**SOURCE MATERIAL**.
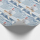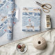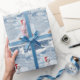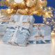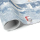 Vitt Pudel på en sled, med tomten i snö-redot, för att ha en roligt av julen
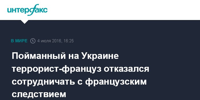 Москва. 4 июля. INTERFAX.RU - Задержанный на Украине по подозрению в подготовке терактов во Франции гражданин этой страны Грегуар М. отказывается сотрудничать с парижскими властями, пишет в понедельник газета Le Figaro.
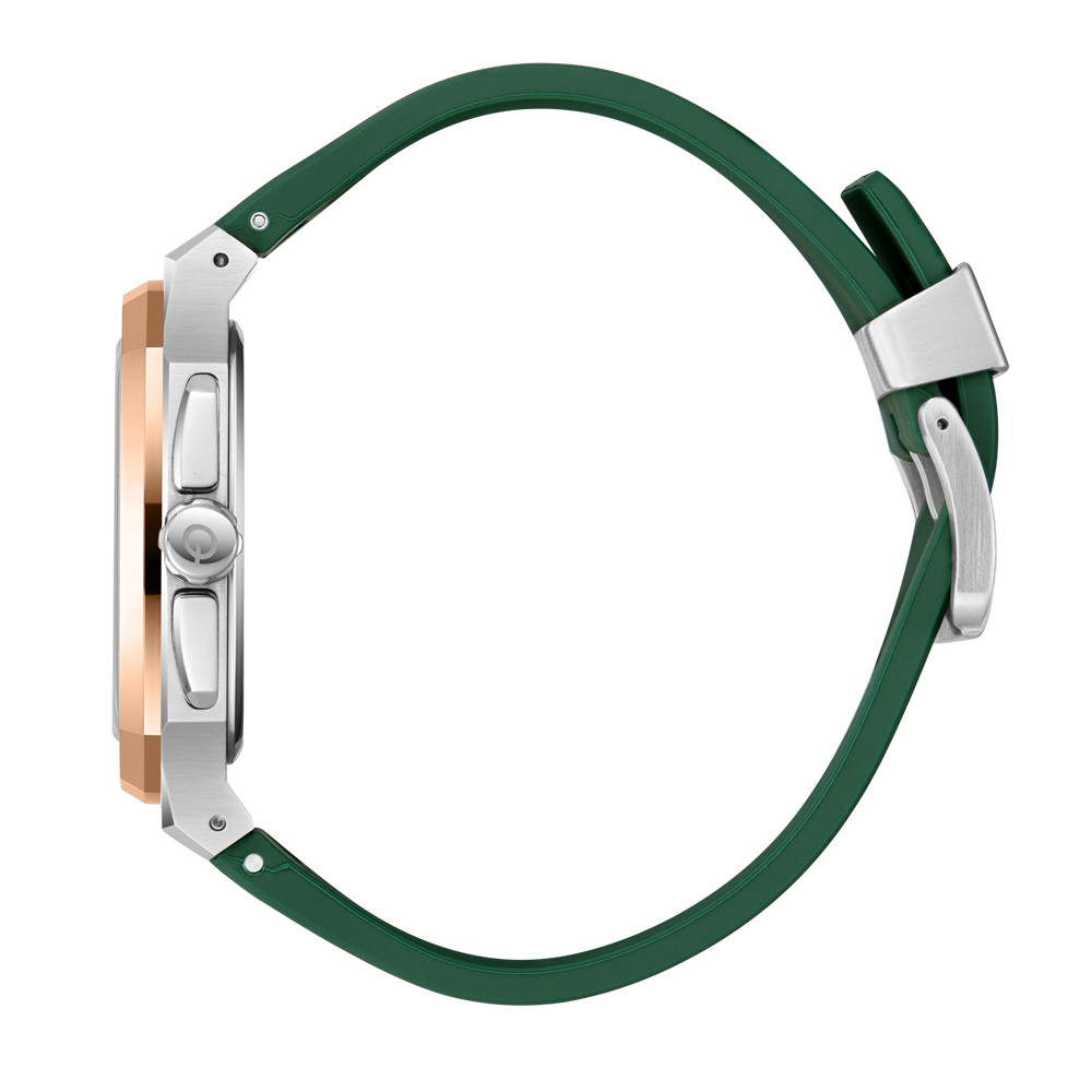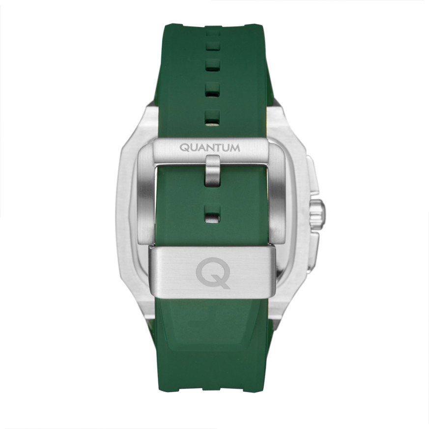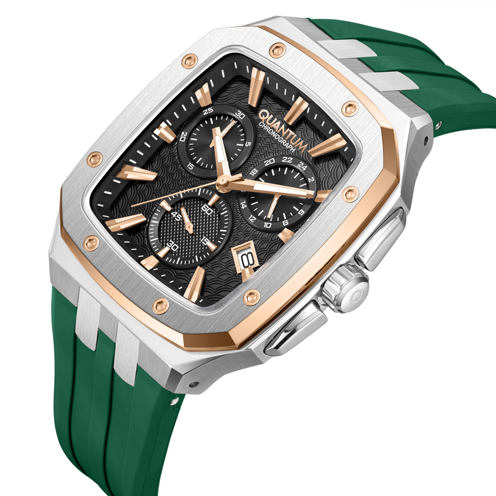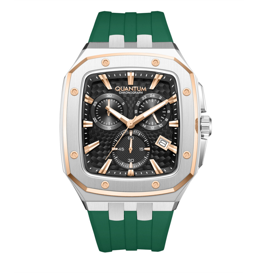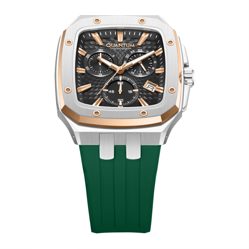 Мъжки часовник Quantum със спортно-ежедневен дизайн от колекцията Hunter. Черен дисплей хронограф с детайли в цвят розово злато. Луминесцентно покритие върху стрелките. Стъкло минерал-кристал с антирефлексно покритие. Корпус от неръждаема стомана в комбинация със силиконова каишка. Задвижва се от кварцов механизъм с калибър VR34A. Водоустойчивост 10 ATM - позволява мокрене, къпане и плуване във водни басейни.
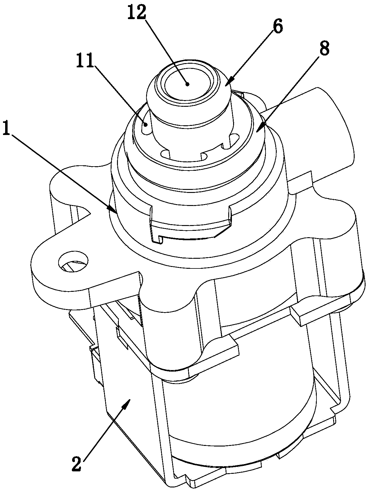 本實用新型進一步設置為:介質(zhì)流出通道設于閥體上對于設置電磁機構(gòu)一端的另一端,介質(zhì)流出通道為延伸至閥體連接腔內(nèi)的管體,該管體的周邊設置若干個與連接腔導通的孔,該孔為介質(zhì)進入通道。
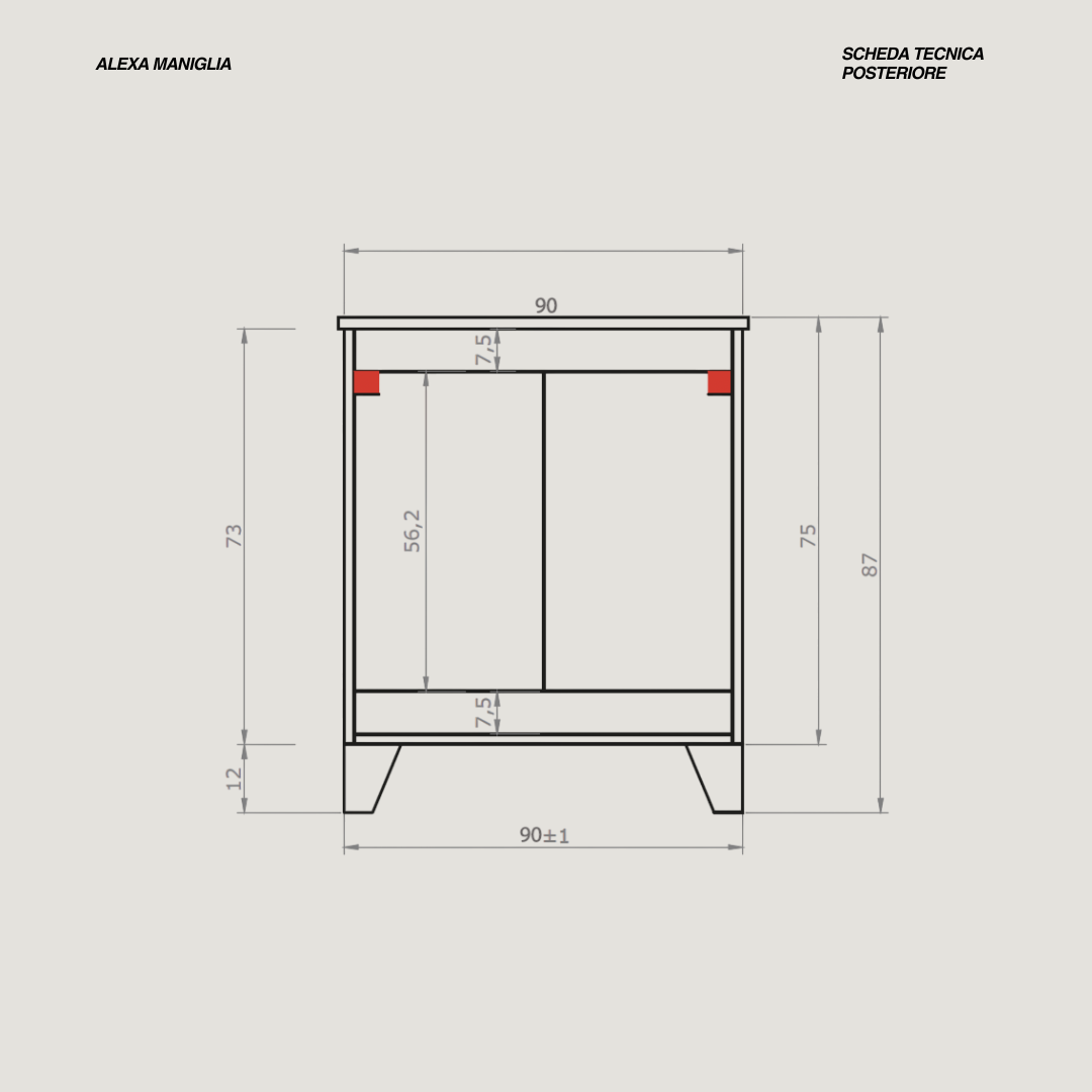 • Misure base: L 90 x P 46 x H 82 (cm)
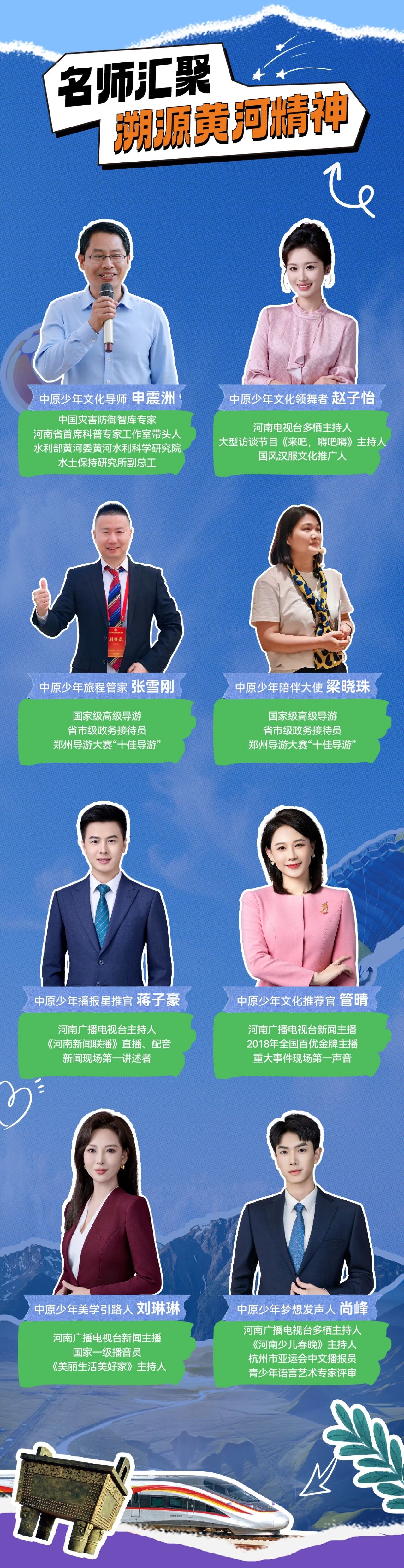5位河南廣播電視臺(tái)知名主持人大咖組成“中原少年星推天團(tuán)”,全程見證少年們的研學(xué)蛻變之,將中原少年的研學(xué)足跡,通過鏡頭傳入千家萬戶,讓黃河背后的故事被更多人看見。
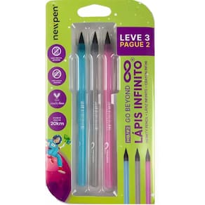 O lápis infinito da newpen equivale a 100 lápis comuns e possui uma tecnologia que consegue comprimir 100 grafites em nano partículas de grafeno, que é um material mais resistente que o grafite natural.
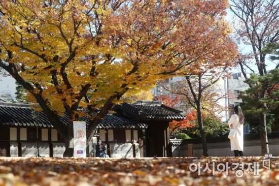 초겨울 날씨를 보인 12일 서울 종로구 운현궁에서 시민들이 늦가을 정취를 만끽하고 있다. /문호남 기자 munonam@ |
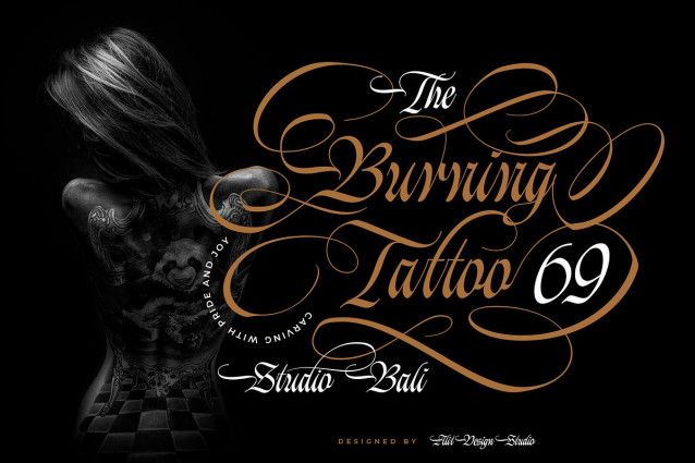 Inspired by the art of custom tattoos, streetwear culture, and premium labels, this font is designed to stand out. Each letter is a work of art in itself, featuring sharp strokes, dramatic contrast, and adorned with beautifully winding swashes that still maintain a fierce impression.
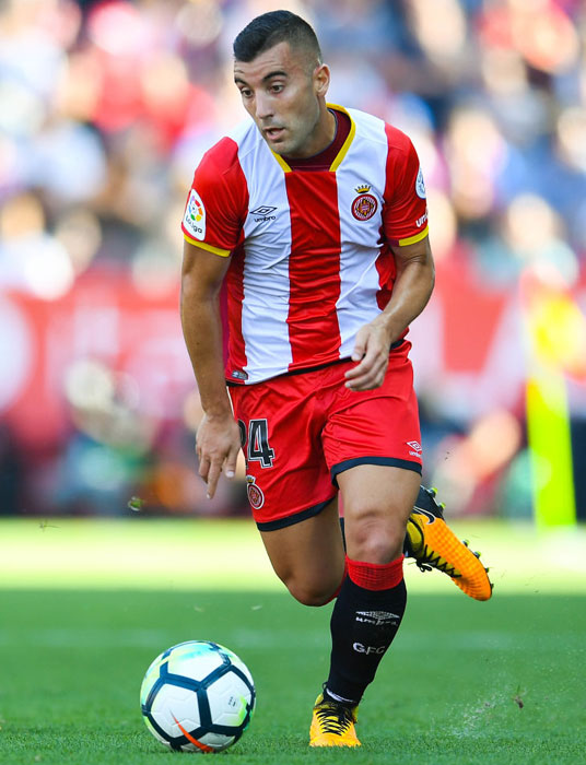 今季ここまでは胸スポンサーが付かないが、左袖にはスポンサー“Costa Brava Pirineu de Girona”(リゾート地コスタ・ブラバの観光案内サイト)をプリント。画像はレアル・マドリー戦で決勝点となるPKを決めたポルトゥ。
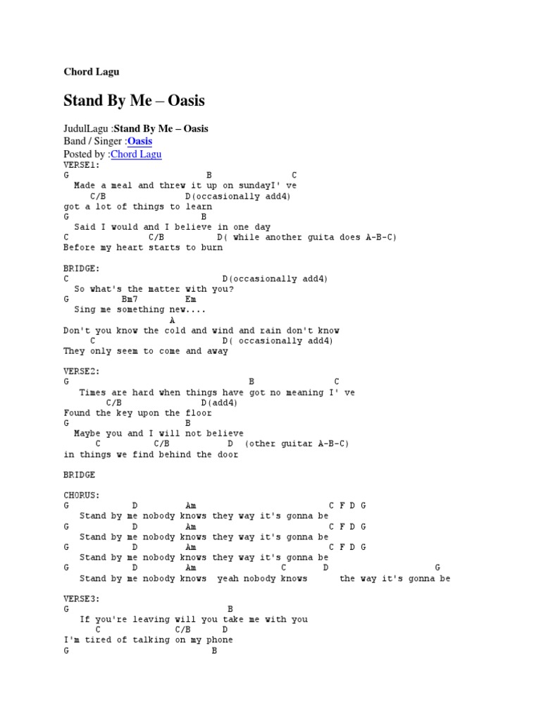 Chord lagu stand by me oasis
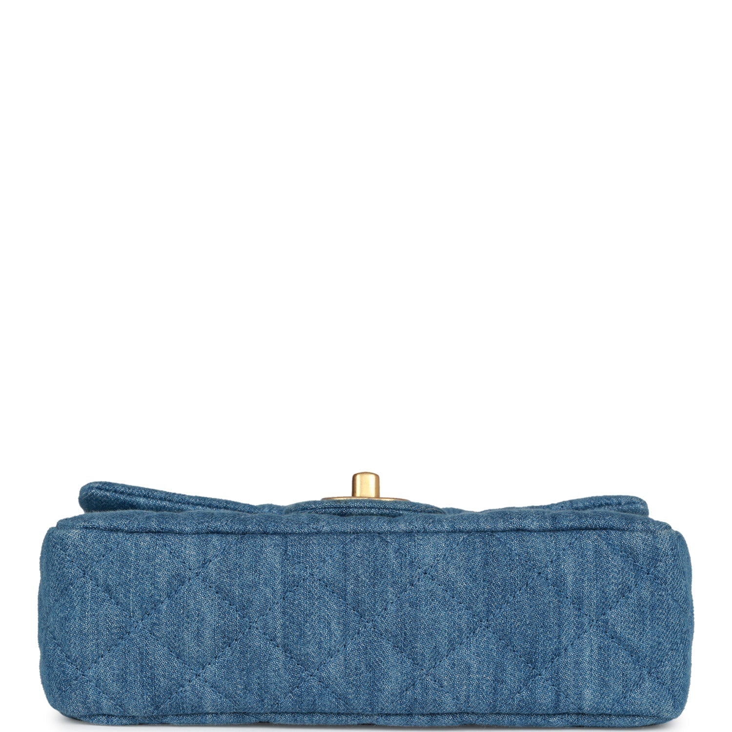 Chanel Pearl Crush Mini Rectangular Flap Bag Blue Denim Lambskin Antique Gold Hardware
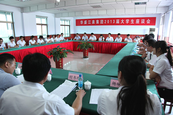 會上,首先由華盛江泉集團人力資源部主任李新勝對大學(xué)生的主要工作情況進行了簡要介紹。隨后參會大學(xué)生圍繞自身成長經(jīng)歷,結(jié)合當前基層工作情況展開熱烈討論,積極建言獻策,分別從大學(xué)生檔案的管理、企業(yè)文化等方面進行了交流探討,并提出了發(fā)展建議。各位領(lǐng)導(dǎo)針對員工在工作中的疑問和建議逐一進行了解答。座談氣氛熱情洋溢、和諧融洽,充分展現(xiàn)了公司高層領(lǐng)導(dǎo)傾聽基層心聲、注重人文關(guān)懷的管理理念和員工求真務(wù)實、敬業(yè)愛崗的精神風貌。
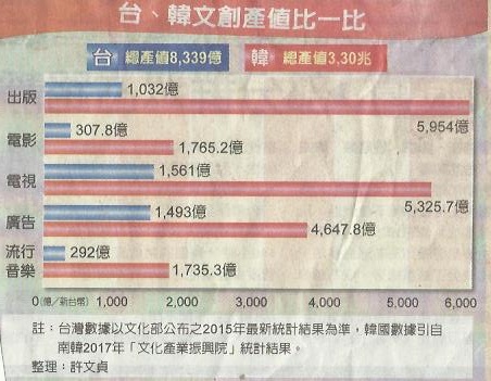 value of Taiwan's cultural & creative production was far behind of that
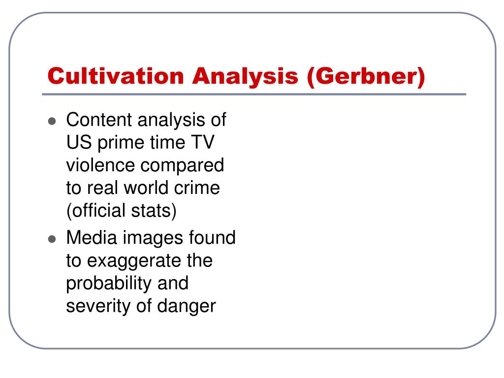 Media found to exaggerate probability and severity of danger This is said to “cultivate” image of world that is scary and mean Leading to unnecessary anxiety about risk of violent crime Cultivation Theory

**TASK PROMPT**.
Leave out the pictures, and retype exactly the lines from the one containing "O lápis infinito" through the last line of the data above, no more and no less.

**TASK SOLUTION**.
 O lápis infinito da newpen equivale a 100 lápis comuns e possui uma tecnologia que consegue comprimir 100 grafites em nano partículas de grafeno, que é um material mais resistente que o grafite natural.
 초겨울 날씨를 보인 12일 서울 종로구 운현궁에서 시민들이 늦가을 정취를 만끽하고 있다. /문호남 기자 munonam@ |
 Inspired by the art of custom tattoos, streetwear culture, and premium labels, this font is designed to stand out. Each letter is a work of art in itself, featuring sharp strokes, dramatic contrast, and adorned with beautifully winding swashes that still maintain a fierce impression.
 今季ここまでは胸スポンサーが付かないが、左袖にはスポンサー“Costa Brava Pirineu de Girona”(リゾート地コスタ・ブラバの観光案内サイト)をプリント。画像はレアル・マドリー戦で決勝点となるPKを決めたポルトゥ。
 Chord lagu stand by me oasis
 Chanel Pearl Crush Mini Rectangular Flap Bag Blue Denim Lambskin Antique Gold Hardware
 會上,首先由華盛江泉集團人力資源部主任李新勝對大學(xué)生的主要工作情況進行了簡要介紹。隨后參會大學(xué)生圍繞自身成長經(jīng)歷,結(jié)合當前基層工作情況展開熱烈討論,積極建言獻策,分別從大學(xué)生檔案的管理、企業(yè)文化等方面進行了交流探討,并提出了發(fā)展建議。各位領(lǐng)導(dǎo)針對員工在工作中的疑問和建議逐一進行了解答。座談氣氛熱情洋溢、和諧融洽,充分展現(xiàn)了公司高層領(lǐng)導(dǎo)傾聽基層心聲、注重人文關(guān)懷的管理理念和員工求真務(wù)實、敬業(yè)愛崗的精神風貌。
 value of Taiwan's cultural & creative production was far behind of that
 Media found to exaggerate probability and severity of danger This is said to “cultivate” image of world that is scary and mean Leading to unnecessary anxiety about risk of violent crime Cultivation Theory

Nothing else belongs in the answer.